The 'Trophy Kids' Go to Work  - nickb
http://online.wsj.com/article/SB122455219391652725.html?mod=most_emailed_day
======
modoc
While I sure there are a lot of "entitled" feeling people entering the work
force, and frankly some of the examples they provided are simply idiots, I
think the article is really missing the point.

The employment field has changed dramatically. You are VERY unlikely to work
at the same job in the same company until you retire. Companies aren't
supplying reliable pension plans. Many hot fields aren't unionized (I'm not
saying unions in their current US form are good, but it's a big shift from the
work my grandparents were doing) so you have much less job protection (this in
many ways is actually a good thing, imho). You're also often expected to work
in excess of 40 hours per week. Many fields have common 50-60+ hour work
weeks, on the same salary. In short, companies are giving less, are less
loyal, and are asking for more.

At the same time, in many new job fields, it's been discovered that you can
work smarter, not longer. It's been proven that flex-time, working from home,
lax dress codes, etc... don't always hurt productivity and success. In many
cases it improves it.

It's not that I feel entitled to anything special. It's just that I've made a
choice to not spend 60 hours/week wearing a suit in a grey cube under
fluorescent lights, filling out TPS reports (I did that for a few months, and
quit). Thankfully the employment field has supported my choice.

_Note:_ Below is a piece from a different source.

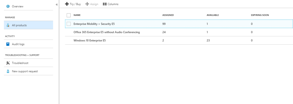 Once you open your Azure Portal, navigate to “Licenses” section present in Azure Active Directory. The list of products, currently available for Organization, will be displayed in the Licenses page.

A lot of the requests make sense:

Waiting 6-12 months to get feedback on how you're doing at your job (as
perceived by your boss and coworkers) is silly. Short iterations improve
quality.

Having to dress a certain way if you don't interact with clients who are
expecting a suit, is a waste of money and makes many people uncomfortable
physically or with their appearance.

If listening to music while you work makes you happier and/or more productive,
it would be foolish not to. If it (or anything else) makes you less productive
then that's something for your boss to deal with you individually on.

"They want to be treated like colleagues rather than subordinates". Really?
Who wants to be treated like a subordinate? I mean honestly, who WANTS that?
If you don't have mutual respect with people you spend 40+ hours/week with,
why would you want to be there?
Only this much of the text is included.